On the day of her arrival, she remembers the intense heat, despite it being cacimbo season.

Open-minded and a good conversationalist, she began to blend in with local society, spending her days shopping, getting together "at one another's homes", masses on Sundays and trips to Mussulo, while her husband preferred fishing and hunts.

The family villa, which enjoyed a magnificent view of the bay, today covered by three abandoned buildings, contains the African experiences of its owners in every corner.

In the room, trophies recall the past glories of António's hunts, there are canvases by Angolan artists, traditional sculptures, a wooden panel by the painter Neves e Sousa, and family memories preserved in books and photographs.

Occasionally, Luz accompanied her husband on hunts and remembers the day the jeep stopped to see "a big elephant kick" in the wet ground.

"My husband got out of the jeep, went with the boy, took the gun, we heard bang-bang. After a while the boy came to us and said 'Mr. Albuquerque asked the ladies to come and see'. And when we got there he was on top of the elephant", she told Lusa.

"Out of nowhere" they started a cattle farm in Cuanza Sul, in the 1960s.

"My first house was a hut and the kitchen had a board and two drums, a hut for the kids and that's how we started", she recalls.

On the farm, today better known as Fazenda Cuerama, in the municipality of Quibala, where his daughter Olga developed a social project with a school, medical center and pedagogical ceramics, carpentry and sewing workshops, the tragedy of war was suffered and one of the employees died due to a mine.

"It was horrible," she lamented.

But there were also picturesque episodes, such as the day when the leader of UNITA, Jonas Savimbi, "a great man, who spoke very well, wrote very well" came to propose "a fantastic salary" to António to be his pilot, an offer diplomatically refused because her husband "had the firm and could not abandon it".

When "the confusion" of April 25th began, the husband handed over his hunting weapons. "Thank God" continues without any problems, but Luz says goodbye to her friends.

"The women and children started to leave, the husbands stayed and we didn't know what was going to happen because Salazar didn't want Angola to be independent.

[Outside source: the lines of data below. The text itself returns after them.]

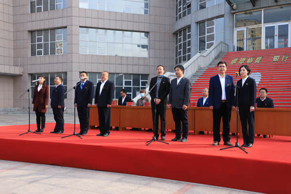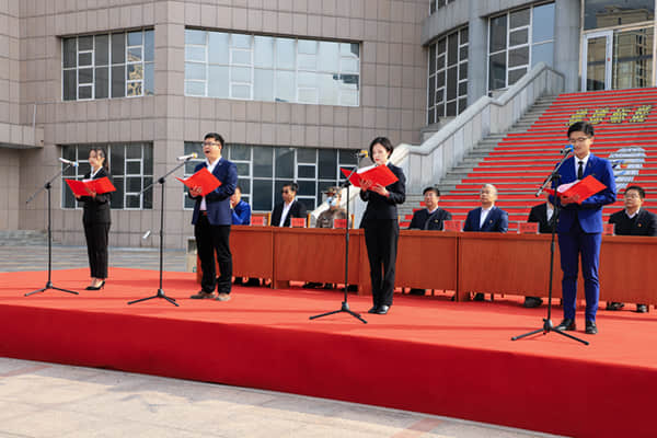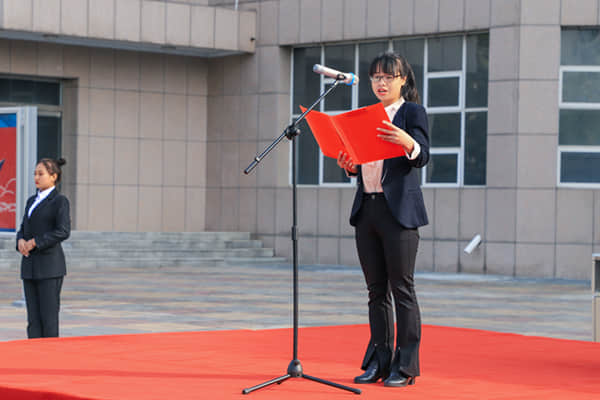 大會在莊嚴(yán)的升國旗儀式中拉開序幕。伴隨著雄壯的《義勇軍進(jìn)行曲》響起,鮮艷的五星紅旗冉冉升至桿頂,全體人員面向國旗行注目禮,肅立致敬。
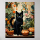 Un chat noir pose avec les plantes de maison L'IA généré art
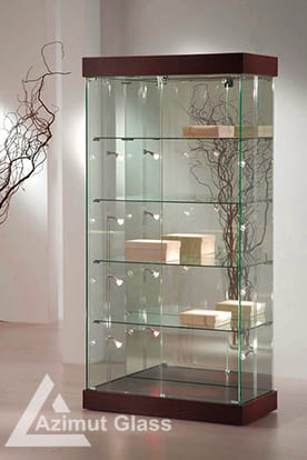 Стеклянная витрина уместна не только в магазине для демонстрации дорогих категорий товаров, но и в гостиной квартиры или частного дома. Это современное решение в интерьере, красивый декоративный элемент и удобное функциональное решение. Она необходима для хранения и демонстрации различных сувениров, праздничной посуды и всего остального, что желательно использовать в качестве декоративного оформления интерьера и можно демонстрировать гостям. Светопрозрачная конструкция предполагает установку на пол или на тумбу. По расположению стеклянная витрина может быть прямой или угловой, в любом случае это великолепное украшение гостиной, которое Вы можете недорого заказать и купить в компании «Азимут-Гласс». Мы предложим, реализуем и доставим лучшее по цене и качеству решение для Вашего дома, магазина или офиса!

He was a very cultured, intellectual man, but as for overseas, no", she criticizes, highlighting that "the process after independence could have been a more beautiful thing".

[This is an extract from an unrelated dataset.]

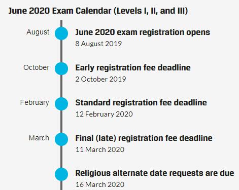 CFA考生注意:2020年6月CFA报名时间已公布!2020年6月CFA考试报名从2019年8月8日开始,结束日期为2020年3月11日!2020年6月CFA依旧举行三个级别的考试!
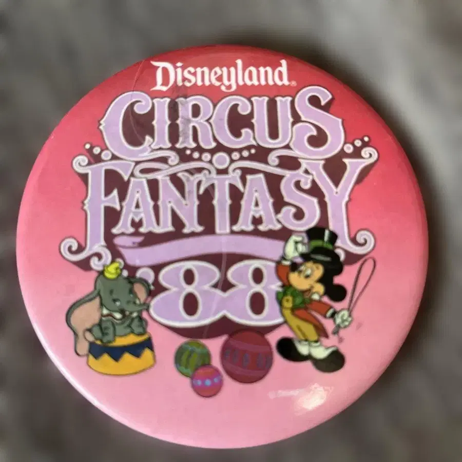 디즈니랜드 서커스 판타지 88 테마의 핑크색 캔뱃지.

And weren't you afraid to stay? "No", she states peremptorily, with the firmness of someone who has previously experienced the Spanish conflict and a war in Europe.

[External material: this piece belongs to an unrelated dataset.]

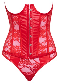 Busenfreie Corsage und String im Set von Cottelli LINGERIE. In feurigem Rot und feinem Materialmix aus Spitze und Wetlook. Rundum elastisch und weich anschmiegsam für hohen Tragekomfort. Corsage mit Cup-Bügeln zur leichten Unterstützung der freiliegenden Brüste. Pro Seite mit 6 eingearbeiteten Formstäben. Vorne mit Hakenverschluss, im Rücken mit Spitze unterlegte Satinband-Zierschnürung. Der dazu passende Riostring ist komplett aus Spitze gearbeitet.

"I think my place was to be by my husband's side, I'm convinced that if my husband saw a great danger, either we would go or two or he would send me away", she highlighted, adding that she lived the 25th of April "with joy because it was a step towards independence", to which everyone aspired.

But Independence did not bring exactly what was expected: "At that time we couldn't talk. One would come and say 'very well, very well', another would come with his ideas and we would say 'very well, very well' and it was so in this room we always talked, some were from UNITA others were from FAPLA. But my husband said: we are here talking about the future of Angola, but we are not the ones who are going to do it, we are going to contribute".

The post-independence years, on November 11, 1975, were not easy, with rationing vouchers, many stores closing and settlers leaving leaving behind goods and souvenirs.

"It was a bit confusing at that time, they said: the white man leaves, you get the white man's house, the white man's car and there's no need to work any more. But it couldn't be. They promised a lot of things that couldn't be", vent.

Almost 50 years after independence, she says, with a big smile, that today she is more Angolan than Portuguese.

But he regrets that that dream of "better Angola" did not come true.

On Independence Day, she remembers the goat stew she was preparing for her friends, her husband António's concern and her brother-in-law Mabílio's serenity.

"We were worried because he never showed up again. And my husband went to his apartment and wrote him a piece of paper: Mabílio we are worried, we don't know where you are. Then we heard a noise and there he was coming from the beach 'very relaxed'", she recalls with a laugh.